== INFORMATION SUPPLIED ==

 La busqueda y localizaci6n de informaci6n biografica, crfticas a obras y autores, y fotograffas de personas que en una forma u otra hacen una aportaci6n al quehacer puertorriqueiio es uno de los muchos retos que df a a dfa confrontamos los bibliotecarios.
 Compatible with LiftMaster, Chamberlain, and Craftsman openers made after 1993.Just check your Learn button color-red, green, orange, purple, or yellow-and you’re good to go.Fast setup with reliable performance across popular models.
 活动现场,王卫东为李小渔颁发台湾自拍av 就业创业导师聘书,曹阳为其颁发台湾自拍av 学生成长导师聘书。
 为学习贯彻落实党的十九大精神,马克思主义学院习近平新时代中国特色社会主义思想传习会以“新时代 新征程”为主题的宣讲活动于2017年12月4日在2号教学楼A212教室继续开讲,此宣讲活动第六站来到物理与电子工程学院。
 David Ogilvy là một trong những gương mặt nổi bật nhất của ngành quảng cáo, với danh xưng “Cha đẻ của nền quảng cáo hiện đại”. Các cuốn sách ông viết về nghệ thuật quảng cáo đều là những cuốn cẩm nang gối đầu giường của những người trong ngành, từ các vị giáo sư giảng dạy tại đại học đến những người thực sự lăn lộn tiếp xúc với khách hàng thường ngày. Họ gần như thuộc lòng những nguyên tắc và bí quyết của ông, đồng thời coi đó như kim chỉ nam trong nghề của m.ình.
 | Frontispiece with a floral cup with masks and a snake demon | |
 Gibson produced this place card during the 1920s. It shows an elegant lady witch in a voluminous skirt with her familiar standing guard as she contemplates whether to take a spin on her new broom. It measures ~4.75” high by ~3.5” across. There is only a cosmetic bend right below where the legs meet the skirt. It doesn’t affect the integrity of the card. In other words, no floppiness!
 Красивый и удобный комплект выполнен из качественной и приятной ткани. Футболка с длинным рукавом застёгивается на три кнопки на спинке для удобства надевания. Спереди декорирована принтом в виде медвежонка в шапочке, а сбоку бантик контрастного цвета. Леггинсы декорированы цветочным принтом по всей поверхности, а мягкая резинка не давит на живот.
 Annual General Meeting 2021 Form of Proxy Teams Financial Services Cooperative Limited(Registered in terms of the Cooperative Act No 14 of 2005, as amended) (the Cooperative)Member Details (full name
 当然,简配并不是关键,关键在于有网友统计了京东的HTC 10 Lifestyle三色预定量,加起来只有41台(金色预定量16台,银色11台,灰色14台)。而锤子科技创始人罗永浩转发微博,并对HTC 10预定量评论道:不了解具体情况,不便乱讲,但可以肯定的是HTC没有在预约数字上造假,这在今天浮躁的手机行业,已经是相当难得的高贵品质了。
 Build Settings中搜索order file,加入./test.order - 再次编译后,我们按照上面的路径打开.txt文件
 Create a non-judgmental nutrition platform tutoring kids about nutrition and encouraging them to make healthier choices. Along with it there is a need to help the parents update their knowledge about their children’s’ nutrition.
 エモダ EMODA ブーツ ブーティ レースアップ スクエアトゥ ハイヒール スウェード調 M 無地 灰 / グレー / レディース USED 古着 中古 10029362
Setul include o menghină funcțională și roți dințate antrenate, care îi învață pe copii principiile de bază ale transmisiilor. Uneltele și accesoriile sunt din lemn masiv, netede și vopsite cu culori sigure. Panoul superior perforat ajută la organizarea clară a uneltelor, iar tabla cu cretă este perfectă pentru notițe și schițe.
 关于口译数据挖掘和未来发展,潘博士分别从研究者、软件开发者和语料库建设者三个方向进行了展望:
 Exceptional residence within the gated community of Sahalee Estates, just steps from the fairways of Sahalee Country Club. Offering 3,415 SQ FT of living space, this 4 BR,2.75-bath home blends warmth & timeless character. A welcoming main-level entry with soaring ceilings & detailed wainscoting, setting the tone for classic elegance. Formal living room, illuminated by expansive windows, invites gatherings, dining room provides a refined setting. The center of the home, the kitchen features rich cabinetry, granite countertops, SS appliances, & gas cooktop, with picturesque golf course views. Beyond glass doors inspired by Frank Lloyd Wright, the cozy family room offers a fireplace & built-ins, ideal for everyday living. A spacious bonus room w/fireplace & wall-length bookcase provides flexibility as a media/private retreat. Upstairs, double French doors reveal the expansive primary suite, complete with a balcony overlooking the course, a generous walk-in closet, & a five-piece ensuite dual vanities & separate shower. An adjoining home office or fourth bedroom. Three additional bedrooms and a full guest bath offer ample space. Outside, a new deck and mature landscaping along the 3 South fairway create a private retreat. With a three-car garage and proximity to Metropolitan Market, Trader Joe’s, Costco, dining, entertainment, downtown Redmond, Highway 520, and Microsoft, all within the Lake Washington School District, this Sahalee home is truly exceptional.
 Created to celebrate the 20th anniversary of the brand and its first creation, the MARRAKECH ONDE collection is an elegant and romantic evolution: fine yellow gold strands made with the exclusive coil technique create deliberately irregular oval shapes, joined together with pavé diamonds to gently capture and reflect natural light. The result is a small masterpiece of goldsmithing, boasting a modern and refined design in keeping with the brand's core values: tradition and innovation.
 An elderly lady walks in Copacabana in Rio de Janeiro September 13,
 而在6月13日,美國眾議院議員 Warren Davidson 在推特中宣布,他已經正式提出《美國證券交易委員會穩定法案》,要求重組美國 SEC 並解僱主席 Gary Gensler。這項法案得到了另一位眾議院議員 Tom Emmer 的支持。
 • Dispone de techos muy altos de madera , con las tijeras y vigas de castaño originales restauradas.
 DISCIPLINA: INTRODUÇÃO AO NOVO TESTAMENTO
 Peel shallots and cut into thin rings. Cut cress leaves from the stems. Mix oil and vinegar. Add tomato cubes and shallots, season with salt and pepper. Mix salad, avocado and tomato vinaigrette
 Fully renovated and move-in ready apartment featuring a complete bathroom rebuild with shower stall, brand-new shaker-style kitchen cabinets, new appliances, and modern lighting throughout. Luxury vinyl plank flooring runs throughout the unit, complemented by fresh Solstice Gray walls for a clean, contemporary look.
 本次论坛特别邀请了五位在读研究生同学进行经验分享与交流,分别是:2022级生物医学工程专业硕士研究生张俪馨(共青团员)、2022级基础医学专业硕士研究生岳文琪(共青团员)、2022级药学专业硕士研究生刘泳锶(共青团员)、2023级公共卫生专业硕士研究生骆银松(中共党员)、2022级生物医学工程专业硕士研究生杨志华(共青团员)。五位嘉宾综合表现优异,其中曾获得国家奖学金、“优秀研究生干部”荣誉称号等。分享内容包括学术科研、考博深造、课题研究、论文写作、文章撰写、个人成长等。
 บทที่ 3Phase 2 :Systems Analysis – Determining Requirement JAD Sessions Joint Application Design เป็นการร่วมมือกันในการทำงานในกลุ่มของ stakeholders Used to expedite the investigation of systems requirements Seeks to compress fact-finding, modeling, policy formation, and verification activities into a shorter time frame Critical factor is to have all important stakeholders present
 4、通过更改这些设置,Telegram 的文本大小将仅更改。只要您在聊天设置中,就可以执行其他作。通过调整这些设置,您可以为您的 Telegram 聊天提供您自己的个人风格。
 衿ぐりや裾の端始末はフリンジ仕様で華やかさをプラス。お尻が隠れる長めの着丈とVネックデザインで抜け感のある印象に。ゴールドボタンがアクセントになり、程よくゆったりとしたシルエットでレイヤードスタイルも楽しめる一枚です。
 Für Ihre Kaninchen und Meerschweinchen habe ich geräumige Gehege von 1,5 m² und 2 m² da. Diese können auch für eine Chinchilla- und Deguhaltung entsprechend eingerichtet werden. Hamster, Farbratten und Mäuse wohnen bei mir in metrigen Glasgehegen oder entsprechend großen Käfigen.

===

Set all of the data down again exactly.

### ANSWER SPACE
 La busqueda y localizaci6n de informaci6n biografica, crfticas a obras y autores, y fotograffas de personas que en una forma u otra hacen una aportaci6n al quehacer puertorriqueiio es uno de los muchos retos que df a a dfa confrontamos los bibliotecarios.
 Compatible with LiftMaster, Chamberlain, and Craftsman openers made after 1993.Just check your Learn button color-red, green, orange, purple, or yellow-and you’re good to go.Fast setup with reliable performance across popular models.
 活动现场,王卫东为李小渔颁发台湾自拍av 就业创业导师聘书,曹阳为其颁发台湾自拍av 学生成长导师聘书。
 为学习贯彻落实党的十九大精神,马克思主义学院习近平新时代中国特色社会主义思想传习会以“新时代 新征程”为主题的宣讲活动于2017年12月4日在2号教学楼A212教室继续开讲,此宣讲活动第六站来到物理与电子工程学院。
 David Ogilvy là một trong những gương mặt nổi bật nhất của ngành quảng cáo, với danh xưng “Cha đẻ của nền quảng cáo hiện đại”. Các cuốn sách ông viết về nghệ thuật quảng cáo đều là những cuốn cẩm nang gối đầu giường của những người trong ngành, từ các vị giáo sư giảng dạy tại đại học đến những người thực sự lăn lộn tiếp xúc với khách hàng thường ngày. Họ gần như thuộc lòng những nguyên tắc và bí quyết của ông, đồng thời coi đó như kim chỉ nam trong nghề của m.ình.
 | Frontispiece with a floral cup with masks and a snake demon | |
 Gibson produced this place card during the 1920s. It shows an elegant lady witch in a voluminous skirt with her familiar standing guard as she contemplates whether to take a spin on her new broom. It measures ~4.75” high by ~3.5” across. There is only a cosmetic bend right below where the legs meet the skirt. It doesn’t affect the integrity of the card. In other words, no floppiness!
 Красивый и удобный комплект выполнен из качественной и приятной ткани. Футболка с длинным рукавом застёгивается на три кнопки на спинке для удобства надевания. Спереди декорирована принтом в виде медвежонка в шапочке, а сбоку бантик контрастного цвета. Леггинсы декорированы цветочным принтом по всей поверхности, а мягкая резинка не давит на живот.
 Annual General Meeting 2021 Form of Proxy Teams Financial Services Cooperative Limited(Registered in terms of the Cooperative Act No 14 of 2005, as amended) (the Cooperative)Member Details (full name
 当然,简配并不是关键,关键在于有网友统计了京东的HTC 10 Lifestyle三色预定量,加起来只有41台(金色预定量16台,银色11台,灰色14台)。而锤子科技创始人罗永浩转发微博,并对HTC 10预定量评论道:不了解具体情况,不便乱讲,但可以肯定的是HTC没有在预约数字上造假,这在今天浮躁的手机行业,已经是相当难得的高贵品质了。
 Build Settings中搜索order file,加入./test.order - 再次编译后,我们按照上面的路径打开.txt文件
 Create a non-judgmental nutrition platform tutoring kids about nutrition and encouraging them to make healthier choices. Along with it there is a need to help the parents update their knowledge about their children’s’ nutrition.
 エモダ EMODA ブーツ ブーティ レースアップ スクエアトゥ ハイヒール スウェード調 M 無地 灰 / グレー / レディース USED 古着 中古 10029362
Setul include o menghină funcțională și roți dințate antrenate, care îi învață pe copii principiile de bază ale transmisiilor. Uneltele și accesoriile sunt din lemn masiv, netede și vopsite cu culori sigure. Panoul superior perforat ajută la organizarea clară a uneltelor, iar tabla cu cretă este perfectă pentru notițe și schițe.
 关于口译数据挖掘和未来发展,潘博士分别从研究者、软件开发者和语料库建设者三个方向进行了展望:
 Exceptional residence within the gated community of Sahalee Estates, just steps from the fairways of Sahalee Country Club. Offering 3,415 SQ FT of living space, this 4 BR,2.75-bath home blends warmth & timeless character. A welcoming main-level entry with soaring ceilings & detailed wainscoting, setting the tone for classic elegance. Formal living room, illuminated by expansive windows, invites gatherings, dining room provides a refined setting. The center of the home, the kitchen features rich cabinetry, granite countertops, SS appliances, & gas cooktop, with picturesque golf course views. Beyond glass doors inspired by Frank Lloyd Wright, the cozy family room offers a fireplace & built-ins, ideal for everyday living. A spacious bonus room w/fireplace & wall-length bookcase provides flexibility as a media/private retreat. Upstairs, double French doors reveal the expansive primary suite, complete with a balcony overlooking the course, a generous walk-in closet, & a five-piece ensuite dual vanities & separate shower. An adjoining home office or fourth bedroom. Three additional bedrooms and a full guest bath offer ample space. Outside, a new deck and mature landscaping along the 3 South fairway create a private retreat. With a three-car garage and proximity to Metropolitan Market, Trader Joe’s, Costco, dining, entertainment, downtown Redmond, Highway 520, and Microsoft, all within the Lake Washington School District, this Sahalee home is truly exceptional.
 Created to celebrate the 20th anniversary of the brand and its first creation, the MARRAKECH ONDE collection is an elegant and romantic evolution: fine yellow gold strands made with the exclusive coil technique create deliberately irregular oval shapes, joined together with pavé diamonds to gently capture and reflect natural light. The result is a small masterpiece of goldsmithing, boasting a modern and refined design in keeping with the brand's core values: tradition and innovation.
 An elderly lady walks in Copacabana in Rio de Janeiro September 13,
 而在6月13日,美國眾議院議員 Warren Davidson 在推特中宣布,他已經正式提出《美國證券交易委員會穩定法案》,要求重組美國 SEC 並解僱主席 Gary Gensler。這項法案得到了另一位眾議院議員 Tom Emmer 的支持。
 • Dispone de techos muy altos de madera , con las tijeras y vigas de castaño originales restauradas.
 DISCIPLINA: INTRODUÇÃO AO NOVO TESTAMENTO
 Peel shallots and cut into thin rings. Cut cress leaves from the stems. Mix oil and vinegar. Add tomato cubes and shallots, season with salt and pepper. Mix salad, avocado and tomato vinaigrette
 Fully renovated and move-in ready apartment featuring a complete bathroom rebuild with shower stall, brand-new shaker-style kitchen cabinets, new appliances, and modern lighting throughout. Luxury vinyl plank flooring runs throughout the unit, complemented by fresh Solstice Gray walls for a clean, contemporary look.
 本次论坛特别邀请了五位在读研究生同学进行经验分享与交流,分别是:2022级生物医学工程专业硕士研究生张俪馨(共青团员)、2022级基础医学专业硕士研究生岳文琪(共青团员)、2022级药学专业硕士研究生刘泳锶(共青团员)、2023级公共卫生专业硕士研究生骆银松(中共党员)、2022级生物医学工程专业硕士研究生杨志华(共青团员)。五位嘉宾综合表现优异,其中曾获得国家奖学金、“优秀研究生干部”荣誉称号等。分享内容包括学术科研、考博深造、课题研究、论文写作、文章撰写、个人成长等。
 บทที่ 3Phase 2 :Systems Analysis – Determining Requirement JAD Sessions Joint Application Design เป็นการร่วมมือกันในการทำงานในกลุ่มของ stakeholders Used to expedite the investigation of systems requirements Seeks to compress fact-finding, modeling, policy formation, and verification activities into a shorter time frame Critical factor is to have all important stakeholders present
 4、通过更改这些设置,Telegram 的文本大小将仅更改。只要您在聊天设置中,就可以执行其他作。通过调整这些设置,您可以为您的 Telegram 聊天提供您自己的个人风格。
 衿ぐりや裾の端始末はフリンジ仕様で華やかさをプラス。お尻が隠れる長めの着丈とVネックデザインで抜け感のある印象に。ゴールドボタンがアクセントになり、程よくゆったりとしたシルエットでレイヤードスタイルも楽しめる一枚です。
 Für Ihre Kaninchen und Meerschweinchen habe ich geräumige Gehege von 1,5 m² und 2 m² da. Diese können auch für eine Chinchilla- und Deguhaltung entsprechend eingerichtet werden. Hamster, Farbratten und Mäuse wohnen bei mir in metrigen Glasgehegen oder entsprechend großen Käfigen.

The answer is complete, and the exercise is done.